Is Augusta ready for some futbol?
Atlanta lawyer Alec Papadakis and local businessman Brad Usry think so. They begin the quest to prove it when Augusta's newest sports franchise debuts tonight in New Orleans.
The FireBall United, of the United Soccer League's Premier Development League, face the Shell Shockers on the road. On June 5, the FireBall make their home debut against the Carolina Dynamo at 5 p.m. at Patriots Park.
Why should we care? Because this endeavor has the chance of becoming an important foundation in the community - much more so than any previous sports franchise in the CSRA other than the Masters Tournament.
It starts with a simple mission.
"The most important thing is for us to prove ourselves that we are worthy of the attention of the local people," said Papadakis, the team president.
When it comes to selling soccer in America, that's no easy task. A sport the rest of the world embraces is merely a niche attraction in the United States. We tend to play it as kids and discard it as adults. Our disposable income is spent elsewhere.
But Papadakis, a former player for the North American Soccer League's Atlanta Chiefs, has a vision that involves extending that youthful fascination by providing opportunities beyond the summer recreation leagues and high school pitches. It's a vision that might mean more collegiate scholarships for local soccer players and more national exposure. It's a vision that could be a real boon for the region and pay dividends for years to come.
"I believe that Augusta has the potential of becoming a place where soccer becomes an important part of the youth athletics," Papadakis said. "It's the right environment to become a national player in youth soccer."
That is why of all the local franchise endeavors, this has the potential to be the most worthy.

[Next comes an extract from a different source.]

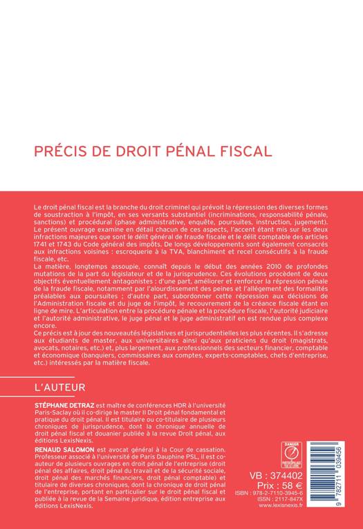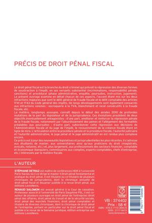 Une analyse des délits et des crimes en matière de fiscalité, comme l'escroquerie à la TVA et le recel de fraude fiscale. Les éléments de procédure, l'imputation des infractions, les modalités d'enquête et de poursuite, la nature et le cumul des sanctions sont expliqués.

The reason is that it has the potential to become a real part of the community - and not just something to break the monotony of a summer evening.

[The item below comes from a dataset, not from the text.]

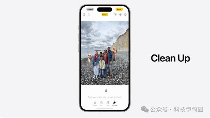 Apple Intelligence 还帮助我们充分利用与日俱增的照片图库资源。首先,我们升级了照片编辑功能。大家都遇到过这种情况,满心以为拍下了一张绝佳照片,但之后却发现美中不足。现在,全新的清除工具能识别背景中的干扰物体,让你能将之消除,但不会无意中改动照片的主体。

The FireBall is just the start of a broad-based USL infusion that could transform the future of youth soccer and provide genuine opportunities for local players to develop and prosper.
To that end, Papadakis hopes to bring two more USL entities to Augusta as soon as next year - the W-League and the Super Y. The W-League is the women's counterpart to the PDL. The Super Y is a national league for boys and girls ages 13 through 19 and serves as an Olympic team development program. With all that can come foundation grants to help build a soccer-specific facility and attract national coaches for clinics and camps.
"This is the opening of the door slightly for a few more things," Papadakis said. "Put all those things together, and slowly but surely we can establish ourselves in Augusta for some nice programs that can really benefit the youth of Augusta. It takes a village to do something, and will take a lot of effort from a lot of people."
Convincing Augustans of soccer's merits will take more effort than is required of the city's minor-league diversions - baseball's GreenJackets and hockey's Lynx. The FireBall are something else entirely. It will not have Two-fer Tuesdays, Thirsty Thursdays or frequent fisticuffs to entice the local populace to its alcohol-free games in Columbia County.
The foundation it hopes to build upon is family and future.
"Soccer fans are the most passionate fans and there are more youth soccer players than any other sport because it runs both genders," said Usry, the team's general manager, whose primary occupation is running Fat Man's Forest. "That youth is the real foundation of our fan base."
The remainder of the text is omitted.